Re: RAID 1 to RAID 5 failure

Wols Lists <antlists@xxxxxxxxxxxxxxx> · Mon, 4 Apr 2022 17:42:22 +0100

On 04/04/2022 16:19, Jorge Nunes wrote:
Hi everyone.
Probably this isn't the forum to post this, but I can't get true
valuable help on this:

This is exactly the correct forum ...

I have a NAS which is capable of having a RAID with four disks with
armbian debian bullseye. I used it for a long time with only two, sda
and sdd on RAID 1 - they are WD30EFRX. Now, I bought two more WD30EFRX
(refurbished) and my idea was to add them to have a RAID 5 array.
These were the steps I've made:

Didn't do a backup :-(

Unmount everything:
```
$ sudo umount /srv/dev-disk-by-uuid-d1430a9e-6461-481b-9765-86e18e517cfc

$ sudo umount -f /dev/md0
```
Stopped the array:
```
$ sudo mdadm --stop /dev/md0
```

Change the array to a RAID 5 with only the existing disks:
```
$ sudo mdadm --create /dev/md0 -a yes -l 5 -n 2 /dev/sda /dev/sdd
```
I made a mistake here and used the whole disks instead of the
/dev/sd[ad]1 partitions and MDADM warned me that /dev/sdd had a
partition and it would be overridden... I pressed 'Y' to continue...
:-(
It took a long time to complete without any errors.

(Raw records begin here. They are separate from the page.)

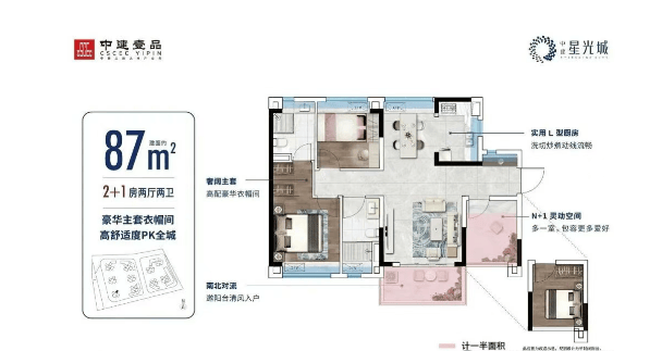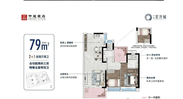 目前中建·星光城在售的最后一栋6号楼限时特惠,均价约为2.4万至2.5万元/平方米,具体价格视面积和楼层而定。在售户型包括约69平方米、79平方米、87平方米、91平方米和100平方米,分别对应三房两卫到四房两卫的不同户型需求。所有户型均采用全南向设计,采光通风良好,空间利用率高,部分户型赠送面积可达94%以上,充分满足刚需家庭的需求。特别值得一提的是,约100平方米的大四房户型,四开间朝南,适合多代同堂的家庭居住。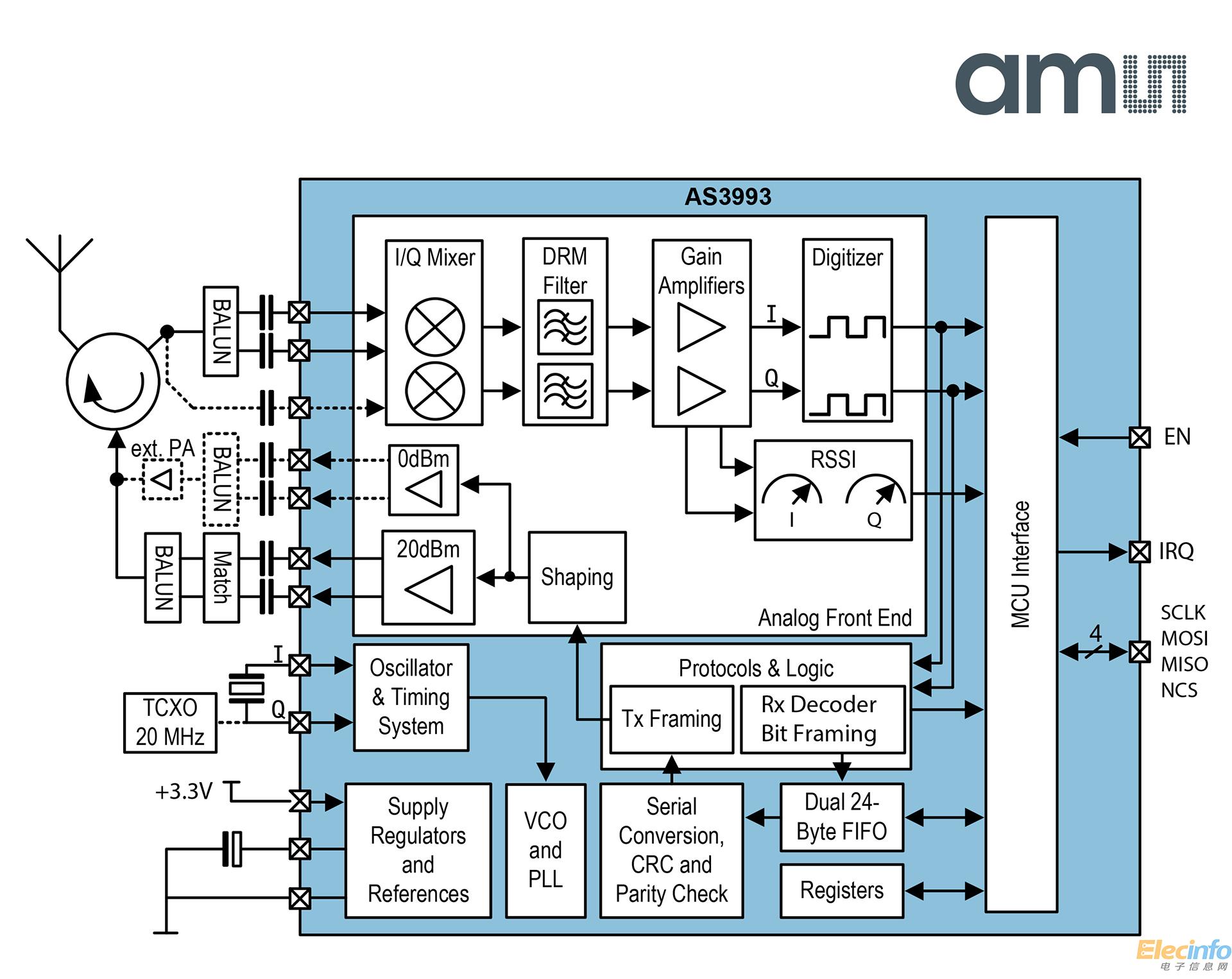 1153的開發(fā)團(tuán)隊(duì)在初步設(shè)計(jì)階段所面臨的瓶頸來(lái)自性能、尺寸和功耗三方面的制約。Technology Solutions有限公司選用的AS3993來(lái)自艾邁斯半導(dǎo)體,采用緊湊的7mmx7mm QFN48封裝。該器件的運(yùn)行電壓可低至2.7V,并能兼容1153閱讀器中的1,130mAh鋰聚合電池。在正常運(yùn)作模式下,AS3993只需65mA的電流。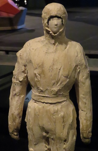 The People of the Mine – Steve Denny Exhibition at Mona, Hobart Tasmania A model of a person in a white clay jumpsuit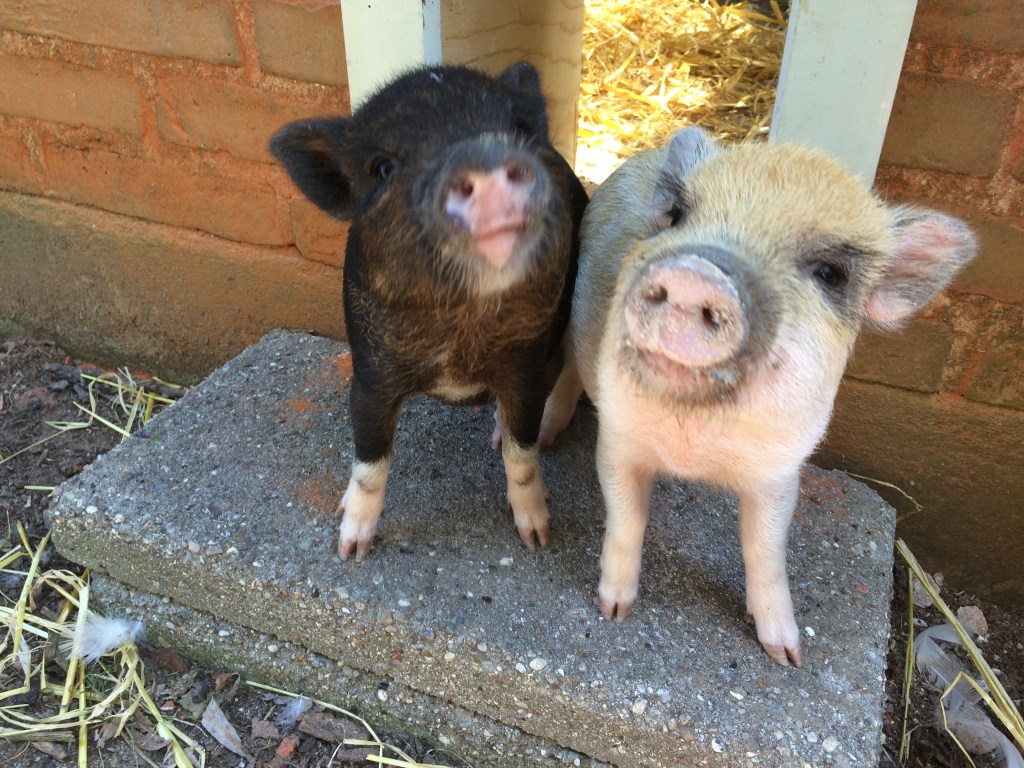 Jeg har er Alexis og Dolly, der engang var to virkelig nuttede minigrise, men nu er ikke er særlig mini mere, da de ikke laver andet end at æde.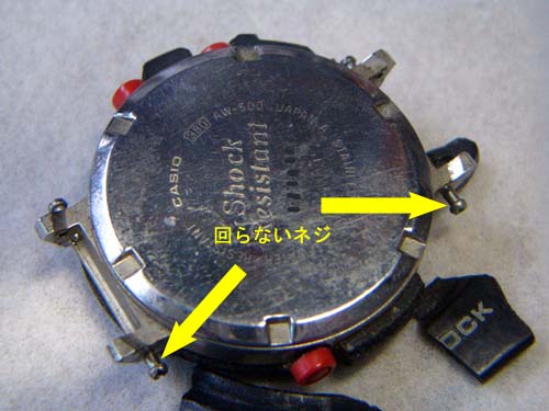 画像はG-SHOCKで樹脂ケースタイプでコネジが4本で締め付けられているタイプ。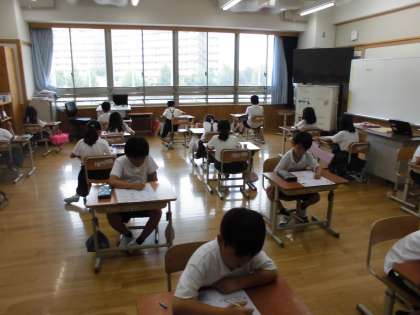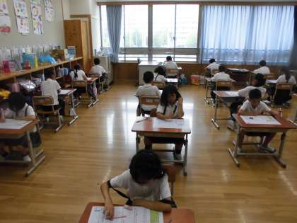 同じ時間に2組では算数のテスト、3組では国語のテストをしていました。どちらのクラスもみんな集中しています。普段の授業と少し空気が違います。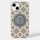 Taupe och Grått Quatrefoil Mönster Triple Monogram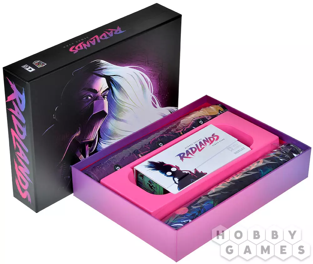 В версии игры "Radlands: Земля руин. Супер Делюкс" вас ждёт большая эффектная коробка, идеально сочетающая в себе функциональность, презентабельность и практичность. Эта версия игры отлично подойдёт любителям стратегии и постапокалиптического жанра в качестве подарка. Внутри все та же компактная складная коробка с магнитным замком, пластиковые карты, тяжёлые пластиковые жетоны воды. Но это не всё! Также вы найдёте два неопреновых коврика, которые создают идеальную игровую поверхность, и пластиковый трей, заботливо хранящий все элементы игры.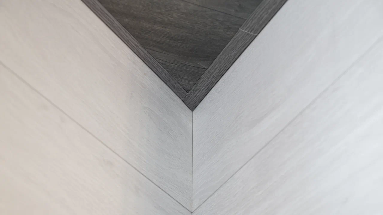 Уникальный дизайн: Влагостойкий ламинат 33 класса (стены, пол, потолок) с контрастными оттенками, искусственный камень на одной стене для придания оригинальности.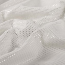 La double gaze est un tissu en coton assez léger du fait de son tissage plutôt lâche. Il est néanmoins plus épais qu'une simple gaze du fait de sa double épaisseur. Il n'est donc pas transparent et vous n'aurez pas besoin de forcément le doubler. Le tissu a un aspect froissé.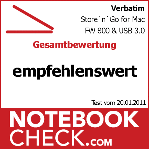 Die Verbatim Store`n`go for Mac mit FW 800 und USB 3.0 Schnittstelle bietet unter dem jeweiligen Betriebssystem immer die optimale Anbindung. Für Mac User ist vielleicht die etwas abfallende Schreibleistung mit Firewire 800 eine kleine Einschränkung, ansonsten können wir der Verbatim Store`n`go mit 500 GB Kapazität nur gute Noten ausstellen. Das Gehäuse ist stabil und ordentlich verarbeitet, die zusätzliche Stromversorgung sorgt für eine zuverlässige Nutzbarkeit und der Preis ist angesichts der Schnittstellen mit 90,- Euro noch angemessen.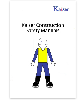 To elminate safety hazards, Kaiser disseminates to all staff safety manuals complete with photographs and orders for every stage of construction. Site staff must take their manuals with them and follow all regulations.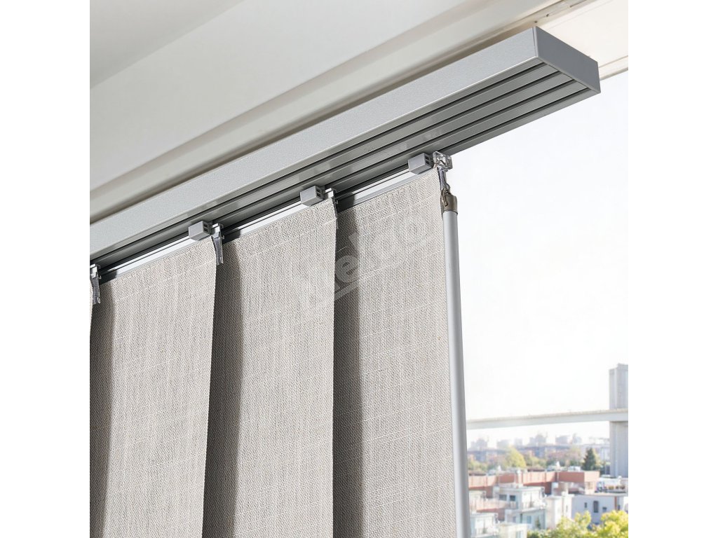 Vrchná záclonka skrýva koľajnicu, čím vytvára plynulý a elegantný vizuálny efekt, vhodný pre širokú škálu interiérových štýlov.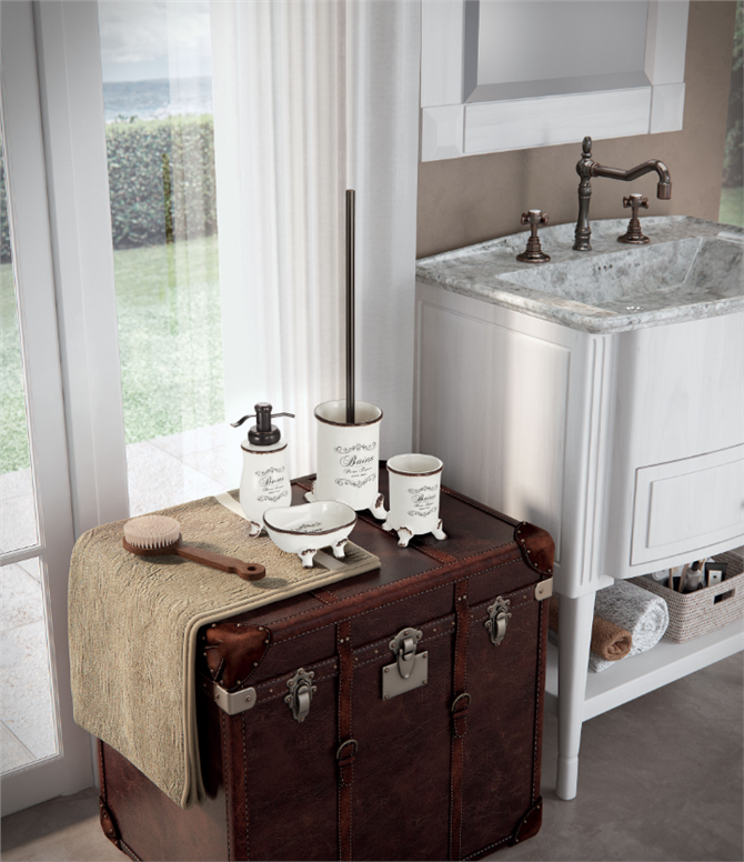 SET 4 PEZZI ACCESSORI BAGNO SHABBY MODELLO AMELIA IN CERAMICA DECORATA DA APPOGGIO Amelia, la nuova serie di accessori bagno Shabby Chic. La linea completa è composta da 4 articoli tutti in ceramica con decorazioni su bordo e piedini, e scritta decorativa frontale.Ideale per chi vuole impreziosire un ambiente con arredamento arte povera. Portasapone a forma di vasca da bagno: 13,5X8 cm, altezza 5,8 cm Porta scopino con manico in metallo e completo di ciuffo in setole: diametro 10,4 cm, altezza 48,5 cm Dosa sapone con erogatore in metallo: diametro 7,5 cm, altezza 19 cm Porta spazzolini: diametro 8 cm, altezza 11,3 cm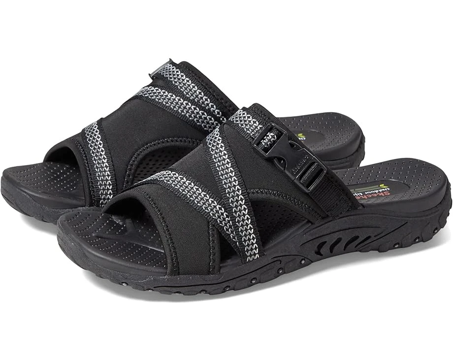 Enjoy endless comfort and flexibility as you walk down the streets or the trails wearing the SKECHERS® Reggae – Slide Thru Sandals.SKU: #9855134Soft neoprene fabric upper with webbing strap.Nylon fabric lining.Contoured cushioned EVA footbed.Slip-on style with an adjustable buckle on the strap.Open toe design.EVA midsole offers extra cushioning comfort.Flexible rubber traction outsole.Imported.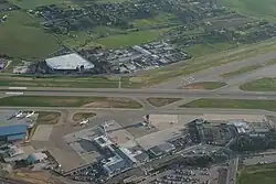 El aeropuerto cubre 138 ha (340 acres) y tiene dos pistas: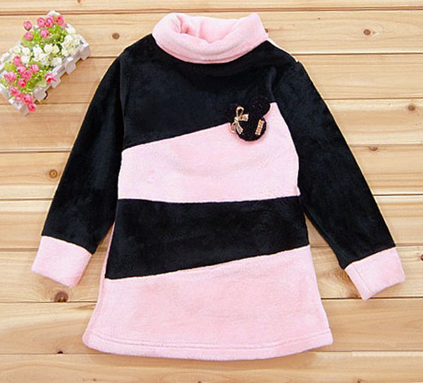 子供服 チュニック 女の子 ミッキーモチーフ付き 暖かい長袖ファーチュニックキッズ ベビー マタニティ キッズファッション ワンピース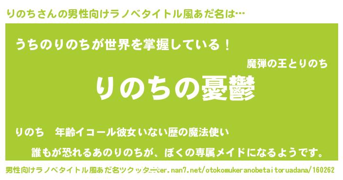 | 女子向けラノベタイトル風あだ名 | 『(仮)りのちのやんごとなき事情』 |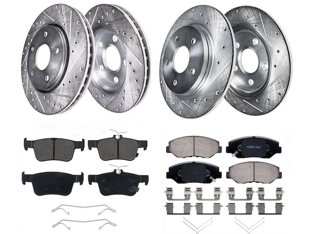 Features:- Kit Includes: (2) Front Drilled and Slotted Brake Rotor + (2) Rear Drilled and Slotted Brake Rotor + (2) Front Ceramic Brake Pad + (2) Rear Ceramic Brake Pad + (2) Brake Fluid & Cleaner
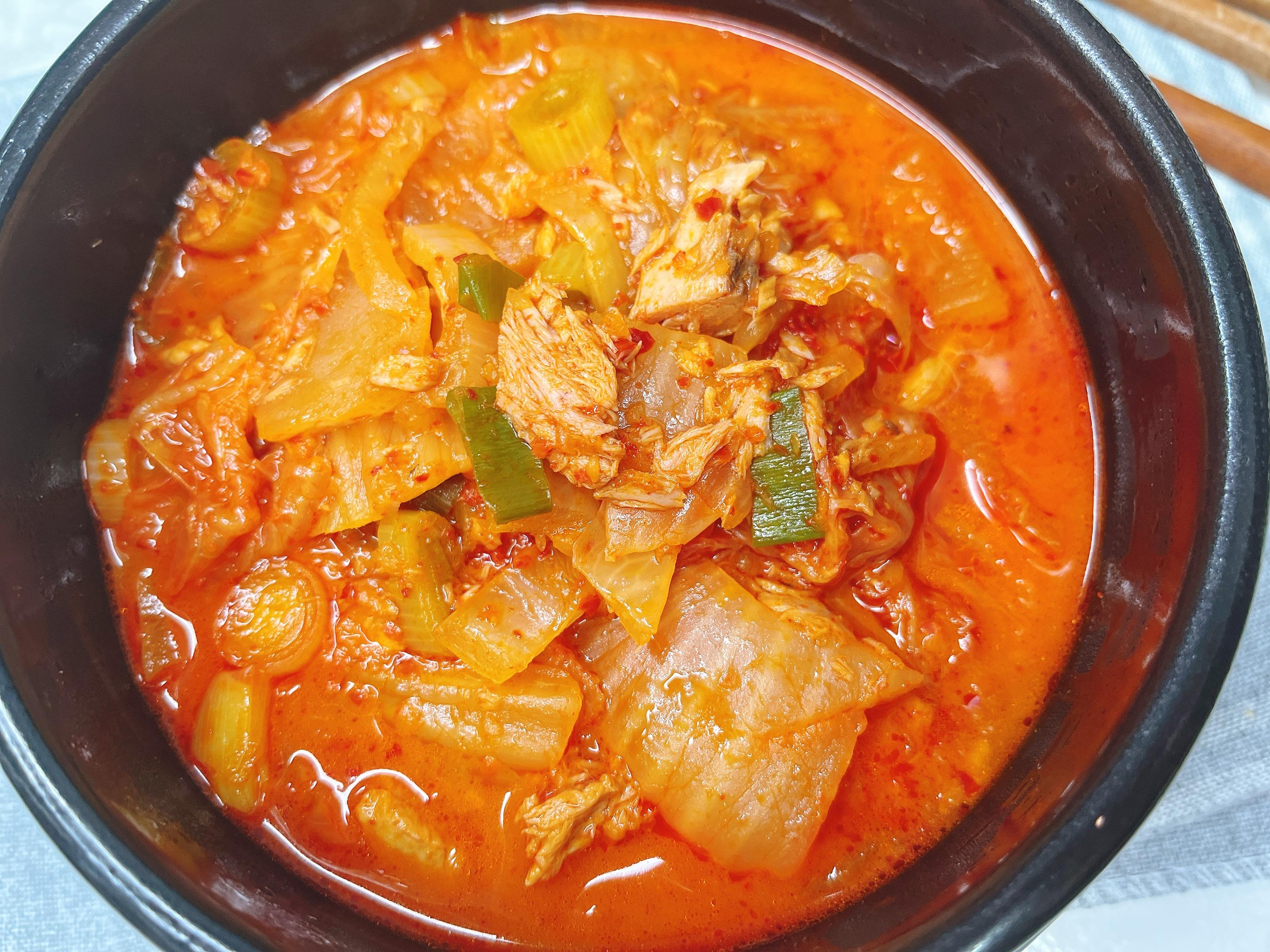 돼지고기나 스팸, 또는 참치를 넣고 끓이는게

You made an even bigger error here - and I'm very sorry but it was 
probably fatal :-(

If sda and sdd were your original disks, you created a NEW array, with 
different geometry. This will probably have trashed your data.

Then I added the two new disks /dev/sdb and /dev/sdc to the array:
```
$ sudo mdadm --add /dev/md0 /dev/sdb
$ sudo mdadm --add /dev/md0 /dev/sdc
```
And did a grow to use the four disks:
```
$ sudo mdadm --grow /dev/md0 --raid-disk=4
```
And if the first mistake wasn't fatal, this probably was.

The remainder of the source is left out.